#### Problem to solve:
Exactly as written, transcribe the data from its opening line through the line containing "IT之家 3 月 7 日消息,B". Leave every picture out.

(Beginning of Records provided)

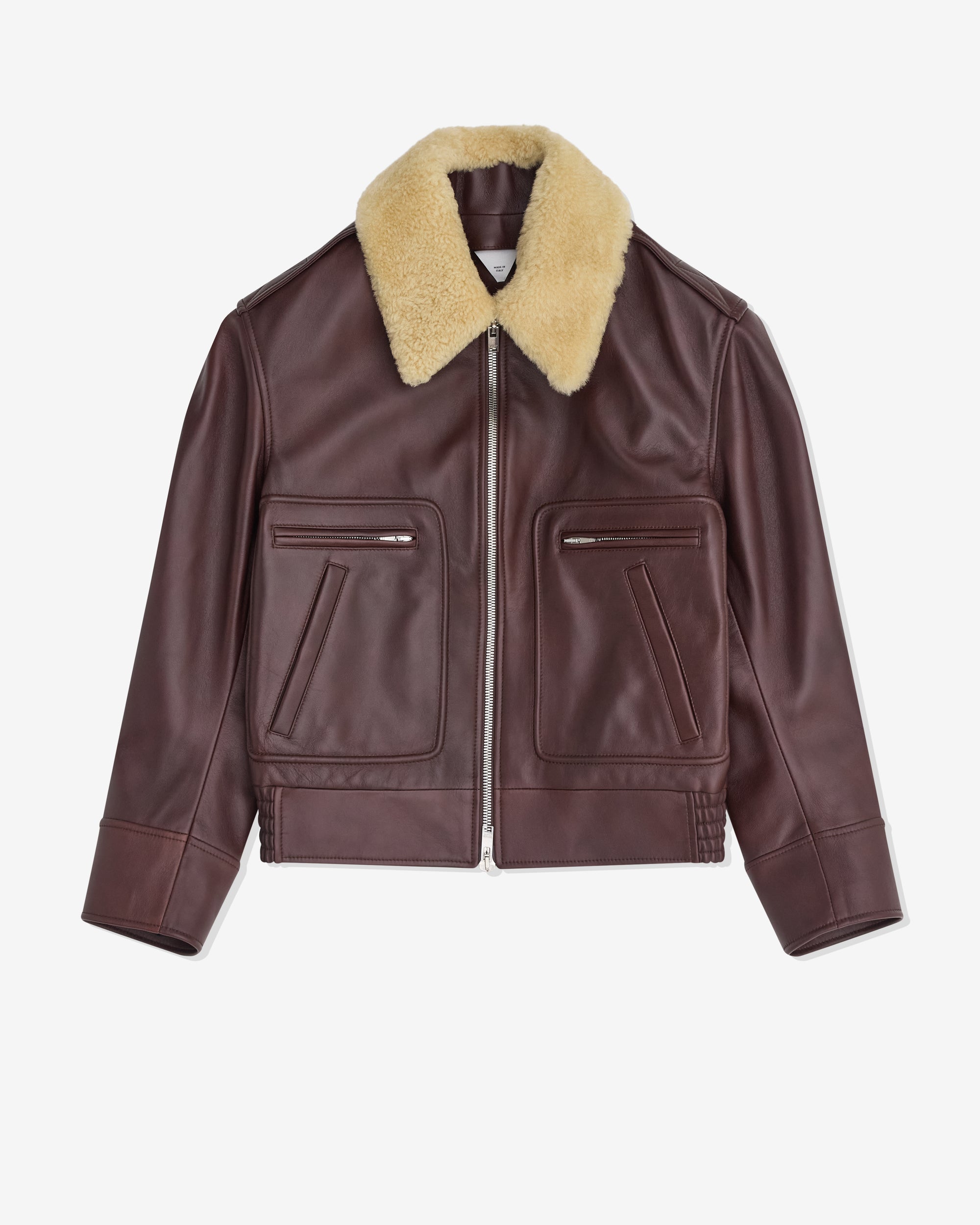 Padded cloudy nappa leather blouson Shearling collar Zip closure Fully lined Regular fit
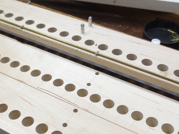 A brass rod is cut to length and fastened in place by escutcheon pins driven into the previously drilled holes.
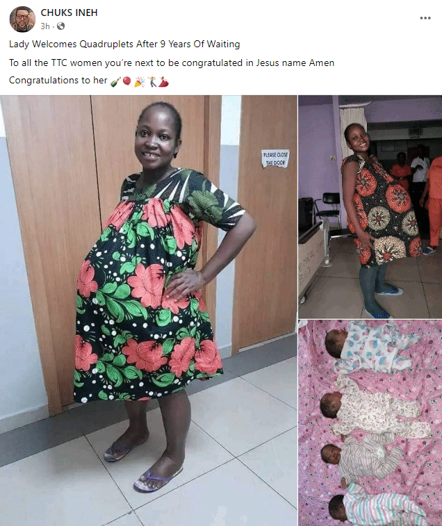 A woman who had patiently waited for 9 years to embrace motherhood has been blessed with quadruplets.
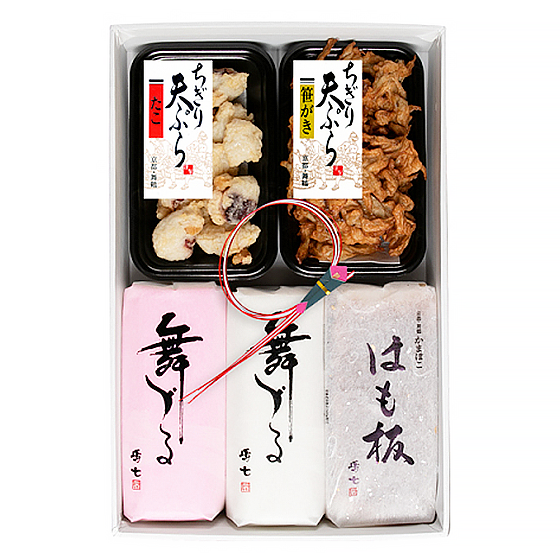 独特な食感とお魚の深い味わいが楽しめる舞鶴伝統のかまぼこ「舞づる」「はも板」や、食感が楽しい3種の「ちぎり天」が入ったバラエティ豊かなギフトセットです。
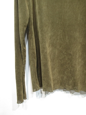 ベロア風のメッシュ生地、インナー、ボトルネック、袖口と襟ぐりと裾がメロー仕上げ、手洗い可能
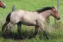 The frame pattern, one of the first spotting patterns to have a DNA test developed, is produced by the Ile118Lys mutation on the equine Endothelin receptor type B gene and when homozygous produces lethal white syndrome.[3][36] Frame is characterized by jagged but sharply defined, horizontally oriented white patches. By itself, the frame pattern does not produce white markings that cross the back, or affect the legs or tail.[3] The expression of the frame pattern varies from minor white markings to the distinctive framed pattern.[37]
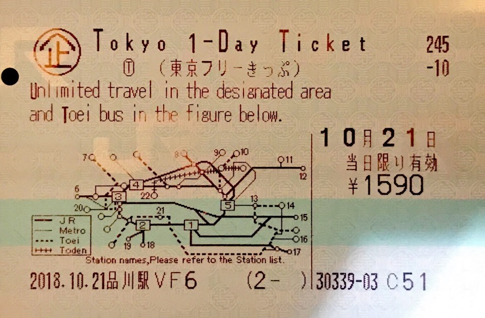 | 在品川駅買 1590 日元的 Tokyo 1-Day Ticket |
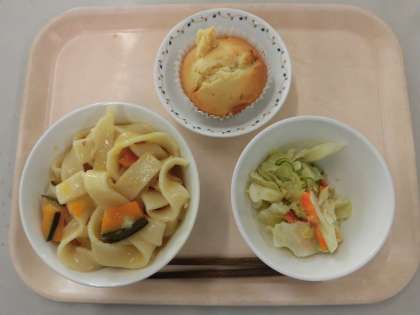 明日は冬至です。そこで今日の給食は冬至にちなんだ食材「かぼちゃ」や「ゆず」を使用した献立にしました。
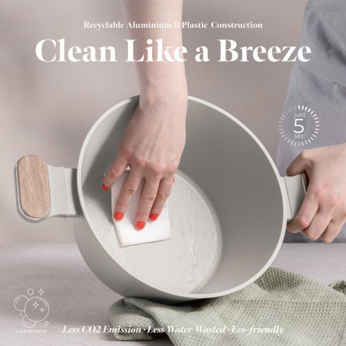 Trojvrstvový titánový povrch je navrhnutý tak, aby vydržal každodenné výzvy. Nelepí, nepripaľuje, ľahko sa čistí a pritom neobsahuje škodliviny - pre zdravšie a pohodlnejšie varenie.
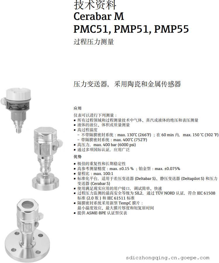 Cerabar PMP55数字式压力变送器采用金属膜片密封,主要用于过程工业和卫生行业,测量液体的压力、液位、体积和质量。PMP55专为高压和极端高温测量场合设计,*高工作温度可达400 °C(-94 ~ 750°F)。量程可调,快速设定功能节省成本和时间。符合IEC61508和IEC 61511标准,满足SIL2功能安全要求。
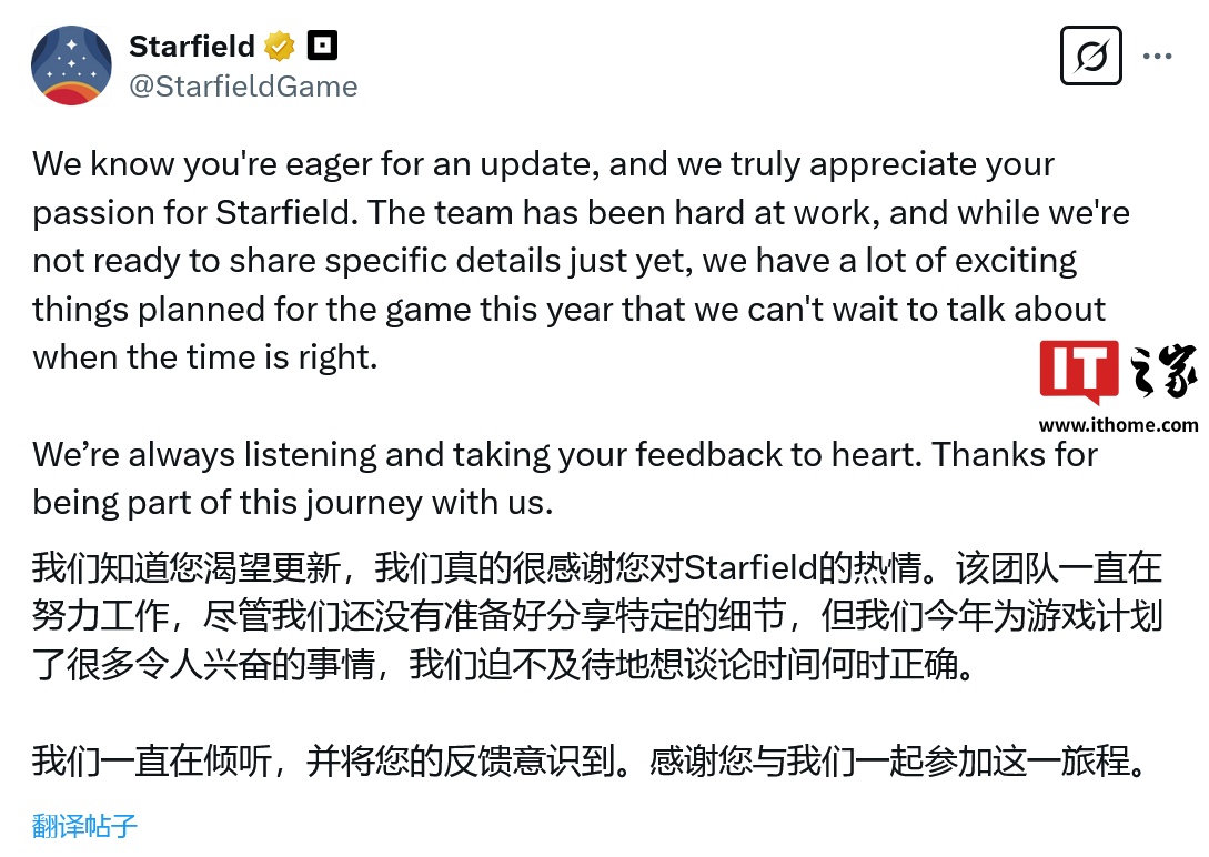 IT之家 3 月 7 日消息,B 社(Bethesda)昨日(3 月 6 日)在 X 平台发布推文,向《星空》(Starfield)玩家传递了积极信号,表示团队正“全力投入”,为 2025 年开发更多内容,但未透露具体细节。
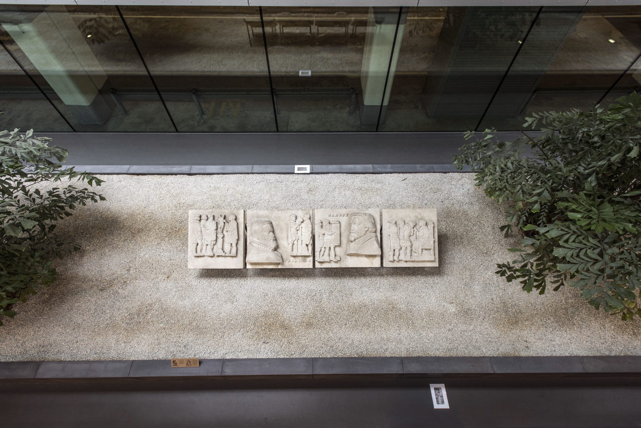 ↑ Wandreliëf(s), Cor van Kralingen, 1959 – Op Hoboken, tegenover de AKO in de centrale hal van het Erasmus MC, liggen ‘verstopt’ in wat plantenbakken deze reliëfs. “Leuk dat dit werk is teruggekomen, want het hing lange tijd bij de hoofdingang van het Dijkzigt-ziekenhuis. De reliëfs beelden ontwikkelingen uit van de medische wetenschap door de jaren heen. Het past heel goed bij het ziekenhuis. Dit soort werken wordt ook amper meer gemaakt, en is heel anders dan wat hier voor de rest te zien is. Dit kunnen veel meer mensen mooi vinden, want het is heel illustratief.” Wel beklaagt de kunstenaar zich wederom over de gekozen plek. “Als het kunstwerk op een mooie plek was verwerkt in de hal en de kijker ook de ruimte had gehad, was het veel beter geweest.” Van Kralingen is ook bekend van de acht waterdieren op/aan de hoeken van de Hofpleinfontein en de Twentse Ros op het dak van de voormalige Twentsche Bank aan de Blaak 28.
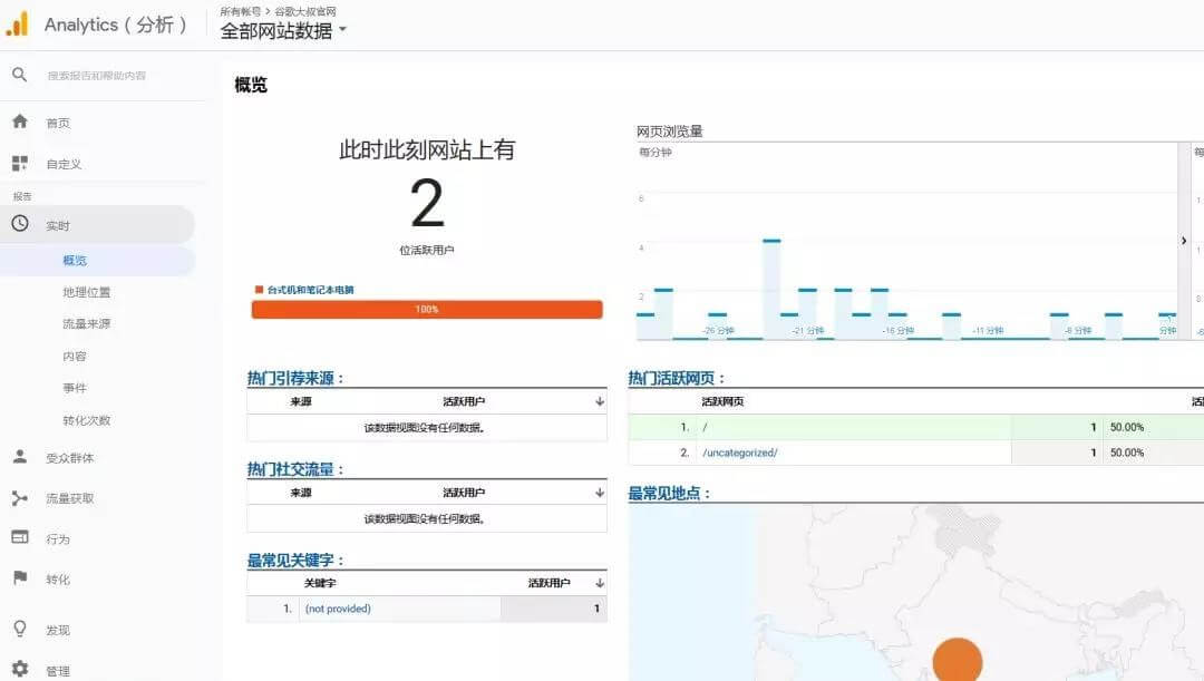 提供有关网站上当前网站访问者的有用信息,实时获得报告。并查看网站上的确切活跃用户数,每分钟和每秒查看的网站页数,活跃用户使用的热门关键字、顶级列表、活动页面、每个页面的活动用户数。

(End of Records provided)

#### The completed task:
 Padded cloudy nappa leather blouson Shearling collar Zip closure Fully lined Regular fit
 A brass rod is cut to length and fastened in place by escutcheon pins driven into the previously drilled holes.
 A woman who had patiently waited for 9 years to embrace motherhood has been blessed with quadruplets.
 独特な食感とお魚の深い味わいが楽しめる舞鶴伝統のかまぼこ「舞づる」「はも板」や、食感が楽しい3種の「ちぎり天」が入ったバラエティ豊かなギフトセットです。
 ベロア風のメッシュ生地、インナー、ボトルネック、袖口と襟ぐりと裾がメロー仕上げ、手洗い可能
 The frame pattern, one of the first spotting patterns to have a DNA test developed, is produced by the Ile118Lys mutation on the equine Endothelin receptor type B gene and when homozygous produces lethal white syndrome.[3][36] Frame is characterized by jagged but sharply defined, horizontally oriented white patches. By itself, the frame pattern does not produce white markings that cross the back, or affect the legs or tail.[3] The expression of the frame pattern varies from minor white markings to the distinctive framed pattern.[37]
 | 在品川駅買 1590 日元的 Tokyo 1-Day Ticket |
 明日は冬至です。そこで今日の給食は冬至にちなんだ食材「かぼちゃ」や「ゆず」を使用した献立にしました。
 Trojvrstvový titánový povrch je navrhnutý tak, aby vydržal každodenné výzvy. Nelepí, nepripaľuje, ľahko sa čistí a pritom neobsahuje škodliviny - pre zdravšie a pohodlnejšie varenie.
 Cerabar PMP55数字式压力变送器采用金属膜片密封,主要用于过程工业和卫生行业,测量液体的压力、液位、体积和质量。PMP55专为高压和极端高温测量场合设计,*高工作温度可达400 °C(-94 ~ 750°F)。量程可调,快速设定功能节省成本和时间。符合IEC61508和IEC 61511标准,满足SIL2功能安全要求。
 IT之家 3 月 7 日消息,B 社(Bethesda)昨日(3 月 6 日)在 X 平台发布推文,向《星空》(Starfield)玩家传递了积极信号,表示团队正“全力投入”,为 2025 年开发更多内容,但未透露具体细节。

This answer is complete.